Приверженность праведности, которая проявилась в этой мольбе, тронула мужественного старца до слез. Срывающимся от волнения голосом он сказал: “Сита! Этот ход мыслей так естественен для тебя, ведь ты - воплощение добродетели. Но у царей и правителей существуют свои причины и правила, которые следует уважать как тебе, так и другим. Извращенный и злобный мозг твоей мачехи Кайкейи не хочет этого понять, поэтому я должен выступить здесь с разъяснениями и предостережениями. Как известно, твой муж сегодня должен был быть коронован как правитель этого царства. Хотя это событие не состоялось из-за ряда обстоятельств, включая и клятвы, данные много лет назад, я должен сказать, что короновать Бхарату вместо Рамы - значит идти против древних законов государства. Только старший сын имеет право на трон, никто другой этого права не имеет. Если он в силу каких-то причин отказывается от этого права по своей собственной воле, как это он сделал сейчас, ты, Сита, как другая половина его личности, имеешь право управлять государством; никто третий не может взять на себя эту обязанность.”
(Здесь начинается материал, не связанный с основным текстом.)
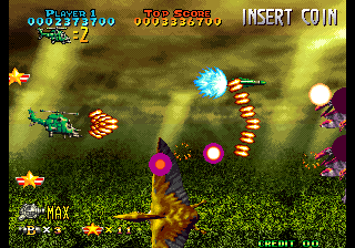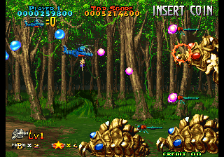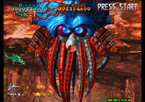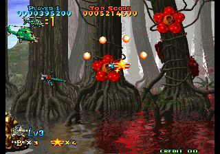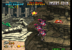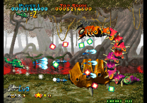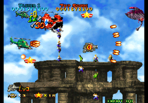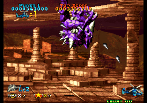 There’s now a secondary shot (various kinds of missiles) and smart bombs have also been added, even if they’re more like very powerful beams. The scoring system has been revamped as well: when the weapon’s level is already maxed out, picking another icon will start a score multiplier that lasts a while, letting players rack up huge amounts of points. Destroying swarms of enemies or big ones also releases star medals, which are counted at the end of a stage for yet another dose of points. A big score bonus is also given for completing a stage without dying.

Когда Васиштха принялся излагать правила политической этики, Кайкейи была явно напугана. Но она не могла не знать, что Сита не стремится обладать царскими привилегиями и властью. И, действительно, как подробно Васиштха ни останавливался на ее правах и полномочиях, Сита не обращала на это никакого внимания. Вместо великолепного одеяния царицы она жаждала надеть на себя берестяную одежду отшельницы. Жена царского наставника почувствовала, что Сита никогда не откажется от своего решения, и поэтому она и другие женщины взяли полотнище и вновь обмотали его вокруг ее тела.
Тем временем Лакшмана тоже надел на себя лесную одежду, такую же, как и Рама. Рама решил, что дальше медлить нельзя. Все трое благоговейно простерлись ниц перед Дашаратхой, который упал в обморок, когда увидел своих сыновей в облике лесных аскетов. Они склонились и перед Кайкейи, стоявшей рядом, затем они пали к ногам мудрого Васиштхи и его супруги. И они начали свой путь в лес.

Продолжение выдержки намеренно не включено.